The office of the Attorney-General has an interesting history. Legal historians trace it back to 1315 when the King of England began appointing lawyers to deal with the business of the monarchy before the courts. As the king was also the protector of the people, he was regarded as the parens patriae, the “parent of the nation”, meaning he was the guardian of the public interest. His attorneys, therefore, carried with them a similar duty to the public. The AG became not only the legal representative of the king, but also the attorney for the people.

When we evaluate Mr. Amos Wako’s performance over the last 20 years, we must begin by fully understanding the duty that comes with the office of the AG. And we must begin from the fact that Mr. Wako was our lawyer, with the duty to represent us in all legal matters and to protect our interests in them.

The powers of the AG are not different from those of any private advocate. Any duly instructed advocate can legally commit the client in any transaction, and the client cannot escape liability by renouncing the advocate’s authority.

Since an advocate has such drastic powers, he is also placed under very strict duties, the most fundamental being that he must be totally faithful to his client.
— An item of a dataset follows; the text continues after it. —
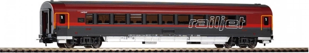 Detailne 1. klassi reisivagun Ampz Railjet ÖBB kaasaegses värvis ja trükis. Suurepärane täiendus terviklikele Railjeti koosseisudele, pakkudes truut H0 mõõtkava teostust, ühilduvust NEM 362 standardiga ning lüüksideme kinemaatikat sujuvaks sõiduks ka väiksematel raadiustel.

He must not do any act that compromises the interest of his client and must, in fact, pursue every available legal avenue to protect the client’s interest. Similarly, the AG must never do anything to compromise the interests of the people and must, in fact, fight to protect these interests. He must be faithful to the people and their government.
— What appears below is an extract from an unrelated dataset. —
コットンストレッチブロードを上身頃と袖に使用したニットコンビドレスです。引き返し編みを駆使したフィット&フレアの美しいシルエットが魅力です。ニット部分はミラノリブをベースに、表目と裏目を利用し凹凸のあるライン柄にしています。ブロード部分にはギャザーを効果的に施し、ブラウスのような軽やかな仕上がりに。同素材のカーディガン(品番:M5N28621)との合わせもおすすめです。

What we are trying to evaluate now is whether Mr. Wako was a faithful lawyer to the people of Kenya. Did he protect our interests? Did he pursue every legal mechanism to advance our cause? Was Mr Wako a genuine parens patriae? The reaction of the public on his tenure shows that the people were not satisfied with his service, and did not regard him as an honest advocate of the public interest.

In the referendum carried out on August 4, 2010, the people voted to sack Mr. Wako by decreeing that he vacates his office within 12 months of the promulgation of the new Constitution. The other public servant to suffer this embarrassing termination of service by public sovereign decree was Chief Justice Evans Gicheru, who was given six months to vacate office.

Mr. Wako does not view it this way because he really never saw himself as the parens patriae. He has never regarded himself as the attorney for the people. In his mind, the AG is appointed by the president so that he can serve the presidency. The best way to determine who Mr. Wako really served is by looking at who were the beneficiaries of his tenure. Is there any way in which the public can be said to have benefited from his tenure? In what ways was Mr. Wako the parens patriae?

I cannot see any way in which Mr. Wako can claim to have fought for or protected the public interest. He may have his explanations and excuses about his failings but he cannot claim to have delivered anything to the people. And it is impossible to identify any tangible benefit obtained by the public from Mr. Wako’s tenure at the AG’s office.

All official evaluations of Mr Wako’s performance are damning.

In October 2005, the Report of the Judicial Commission of Inquiry into the Goldenberg Affair stated as follows: “We did not receive any evidence to show that the Attorney-General moved to order police investigations into the affair. We can only conclude that no such action was undertaken … the record shows the reluctance on the part of the Attorney-General’s officers and counsels for the accused persons to proceed.”

In March 2006, the Public Accounts Committee of the Kenya National Assembly, in its report on the Anglo-Leasing scandal, said: “The committee finds that whereas the provisions of the procurement regulation empower the Attorney- General to participate in all stages, he has not done so in practice.”